Mike Lewis is putting out an SOS. If the name sounds familiar, it may be because Lewis was one of the subjects of "Unsung Heroes," a Metro Pulse cover story last winter praising the efforts of folks who make this town livable. Lewis was included in the story because he bought two run-down tenement buildings on Magnolia Avenue in 1996 and has spent the last two years not only rehabilitating the buildings but rescuing the neighborhood. Many of his tenants would be in the street if not for his efforts. He has been shot while doing hand-to-hand combat with drug dealers, and he has forced city police and emergency personnel to stop referring to his buildings as "Krystal Heights," a nickname denoting the buildings' proximity to that Magnolia Avenue fast food joint.
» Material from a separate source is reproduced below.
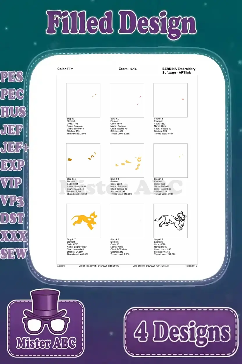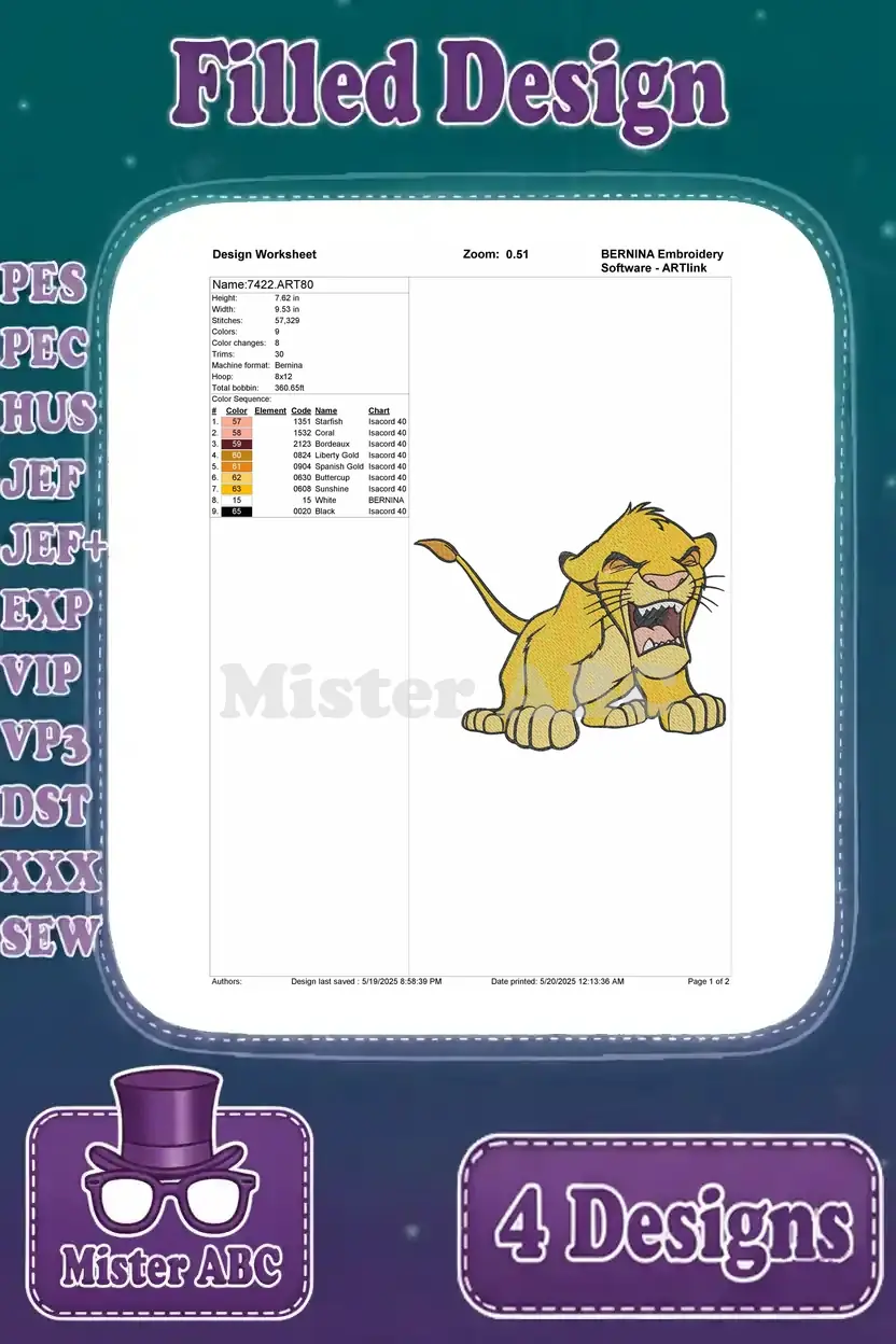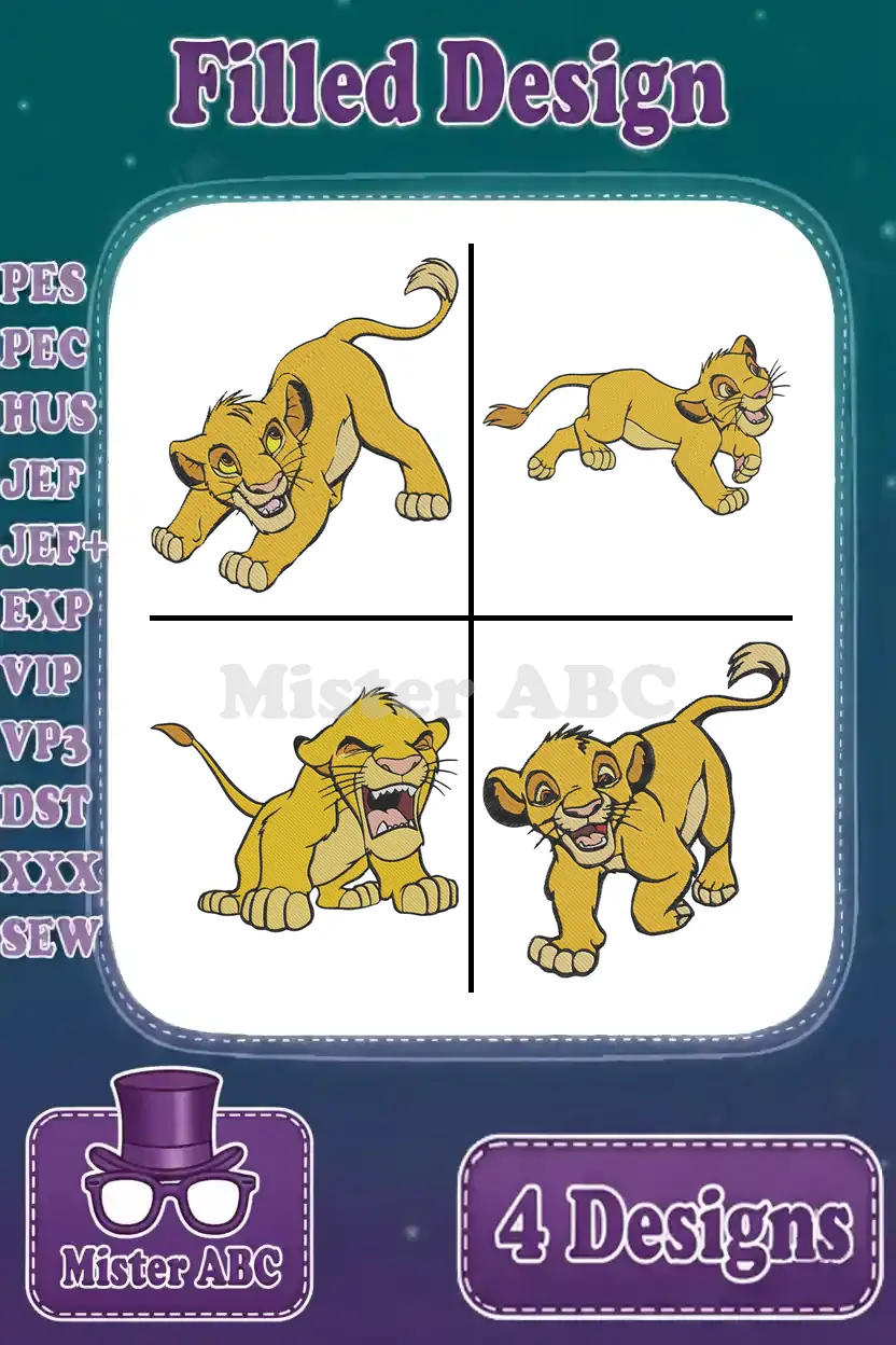 The Lion King Simba Cub Dynamic Pouncing Running Roaring And Playful Actions – Filled Embroidery Design

Now, he's looking for help.

Lewis, who owns two of the three brick apartment houses (his are the ones with fresh coats of paint and nobody sitting in the yard drinking out of bottles in brown paper bags) in the block east of Magnolia Avenue United Methodist Church, has 122 tenants in 50 apartment units and has a HUD Moderate Rehabilitation Program contract to provide low-income housing.

This one-man neighborhood improvement project's problem is that Washington bureaucrats have decided they no longer want to fool with the Moderate Rehabilitation Program, and it's been written out of next year's appropriations bill, even though Congress had expressed the will to fund it. Without this program, Lewis and other landlords like him will likely find it impossible to stay in business. He has made trips to DC in an attempt to get the attention of his representatives (primarily Sen. Fred Thompson), but, so far, to no avail. Time is running out.

Poster Boy

The Knoxville Police Department's 1997 annual report is out, and its cover has a familiar look. We've seen that picture of Chief Phil Keith before; most of it anyway. The shot appeared on the back cover of last fall's News-Sentinel "Protect and Serve" supplement—a pull-out tabloid touting the accomplishments of Keith's department. The supplement appeared at a propitious time—just after the shooting of Juan Daniels escalated the call for a citizen's review board—and there was more to the picture than meets the eye in its most recent incarnation. The entire right hand side of the photo has been cropped out, excising the image of a bicycle cop and that of John Szczepanowski, fired earlier this year on accusations of brutality.